我想通過在關係數據庫(ROLAP)中使用星型模式來構建一個簡單的多維數據模型。爲此,我創建了一個事實表和兩個維度表。首先我複製操作源的數據並處理這些數據(一些簡化的ETL過程)。這個多維模型有什麼不對?
在我的模型中只有兩個維度:date
和status
。度量:某些狀態的數量(一段時間)。
的時間維度表:
CREATE TABLE [dbo].[tbl_date_dim] (
[ID][int] IDENTITY(1,1) NOT NULL,
[date_key][int] NOT NULL primary key,
[Year][int] NOT NULL,
[Month][int] NOT NULL,
[Day][int] NOT NULL
);
有一個表 - tbl_application
- 其中存儲的全部時間範圍(場VersionDate
)。

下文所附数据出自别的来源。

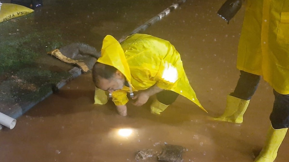 İlçe Gençlik ve Spor Müdürü tıkanan mazgalı elleriyle açmaya çalıştı
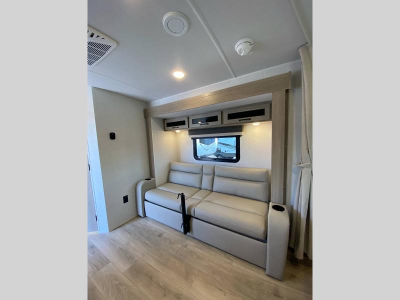 This floorplan offers a front Murphy bed that easily folds away to reveal a cozy sofa, opening up your living space during the day. A slide-out with a full dinette gives you added room to relax or work, and the fully equipped kitchen includes a 3-burner cooktop, microwave, and double-door fridge. The spacious rear bathroom provides a full shower, linen storage, and wardrobe space.

因此,時間維度表,我填補這一方式:
INSERT INTO [dbo].[tbl_date_dim]
([date_key],
[Year],
[Month],
[Day])
(
SELECT DISTINCT
CAST(YEAR(VersionDate) as VARCHAR(4)) +
RIGHT('00' + CAST(MONTH(VersionDate) as VARCHAR(2)) ,2) +
RIGHT('00' + CAST(DAY(VersionDate) as VARCHAR(2)), 2) as 'date_key',
YEAR(inner_data.VersionDate) as 'Year',
MONTH(inner_data.VersionDate) as 'Month',
DAY(inner_data.VersionDate) as 'Day'
FROM (
SELECT
VersionDate
FROM [dbo].[tbl_application]
) AS inner_data
);
狀態維度表:我用整個現有的表tbl_applicationstatus
。
接下來,我創建了一個事實表。它包含用於維度表和度量的外鍵。
CREATE TABLE [dbo].[tbl_olap_fact] (
[ID][int] IDENTITY(1,1) NOT NULL,
[status_id][int] NOT NULL, // FK
[date_dim][int] NOT NULL, // FK
[staus_name] varchar(100) NOT NULL, // Non additive measure
[transaction_id][int] NOT NULL, // Additive measure
CONSTRAINT [PK_tbl_olap_fact] PRIMARY KEY CLUSTERED
(
[ID] ASC
)WITH (PAD_INDEX = OFF, STATISTICS_NORECOMPUTE = OFF, IGNORE_DUP_KEY = OFF, ALLOW_ROW_LOCKS = ON, ALLOW_PAGE_LOCKS = ON) ON [PRIMARY]
) ON [PRIMARY];
transaction_id
- 這個字段,我將聚合(狀態數)。
接下來,我添加了事實表和維表之間的關係:
ALTER TABLE [dbo].[tbl_olap_fact] ADD CONSTRAINT [FK_tbl_olap_fact_tbl_date_dim] FOREIGN KEY([date_dim])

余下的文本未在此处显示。